The deal agrees to give 90 per cent of revenue from the area to East Timor
and 10 per cent to Australia.
"A great moment has arrived," said Mr Downer, toasting the
deal with a glass of champagne. "I am convinced that the Timor Sea
Arrangement is a good outcome for Australia and East Timor and that it
will serve well in strengthening and deepening our friendship."
But while the 90/10 split appears favourable to East Timor, analysts
and UN sources said Australia had secured by far the better deal through a
combination of hard bargaining, psychological clout and misleading
arguments about "generosity".
"The UN was totally outclassed by the Australians. In many ways
the Australians were negotiating in bad faith," said a Western
diplomat based in Jakarta. "It was a bit distasteful. Australia has
done an immense amount for East Timor since it led the armed intervention
which followed East Timor's independence vote in 1999. But this deal is
not a good example of anything like generosity."
Prior to East Timor's 1999 ballot choosing independence, which will
take full effect after elections on August 30, the rich oil and gas
resources of the Timor Gap were shared between Australia and Indonesia,
following a treaty signing in 1989. Indonesia had invaded the former
Portuguese colony in 1975 and annexed East Timor a year later.

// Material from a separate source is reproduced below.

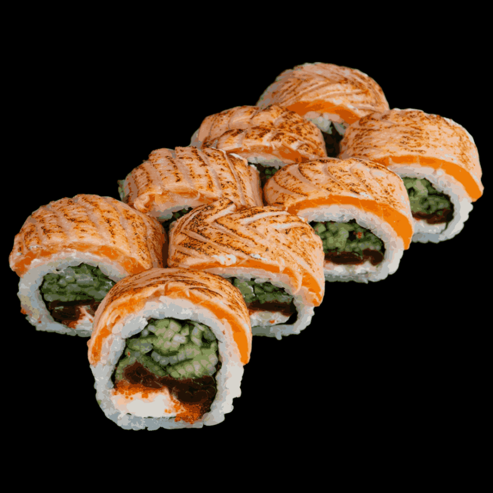 Ryż, Nori, Serek Philadelphia, Kampio, Masago, Ogórek, Opalony łosoś. Polewane Unagi i Posypane Sezamem

The earlier Timor Gap deal gave Indonesia 50 per cent of the revenues
and Australia the other half, and included provisions beneficial to
Australia such as a clause promising tax rebates on investments by oil
companies.
That small print and other details disadvantageous to East Timor had
been rolled over into the new deal, sources said.
"The new 90/10 split looks good on paper but there is a very
arcane science in determining what is a barrel of oil, how by-products are
defined, whether shipping is taxable, whether tax should start at the pipe
or in the air and so on. You could argue that the Australians have given
them [East Timor] 90 per cent of nothing," said a source close to the
negotiations.
Timing and local politics played a role in shaping the deal. East
Timor's transitional cabinet member for economic affairs, Mr Alkatiri, is
thought to be unhappy with the deal but needed something signed before
going into the election.
The UN's Mr Galbraith is due to leave the world body in five days,
which may have further pressured a man who, along with Mr Alkatiri and
Cabinet Member for Foreign Affairs Jose Ramos-Horta, was up against a
large Australian team of lawyers, accountants, industry experts and more.
A key point left hazy by the signing ceremony, however, suggests the
Timor Gap agreement may not be cast in stone. The UN administration for
East Timor has no capability to sign treaties on behalf of a state which
only gains sovereign independence after the August poll. This is why the
deal has only been initialled so far, thereby leaving a window open for
re-examination.
Several sources agreed that a future independent state of East Timor
would have lots to argue if it chose to take Australia to international
arbitration. One such point is the uncertainty regarding the actual seabed
border between East Timor and Indonesia, something which was fudged by
Indonesia in the original treaty.
This time around, Australia "bargained very hard on behalf of
their own national interest", said Mr Galbraith. The negotiations,
which began formally last October, were "surprisingly difficult. But
I guess that's what happens when people start arguing about money",
he said.
The agreement covers a 75,000 square km area between the two countries,
now known as the Joint Petroleum Development Area. A key part states about
A$13.7 billion (HK$55.4 billion) will be spent developing industry in and
around Darwin to produce and use Timor Sea gas. Mr Galbraith said it
showed "the greater economic benefit will go to Australia".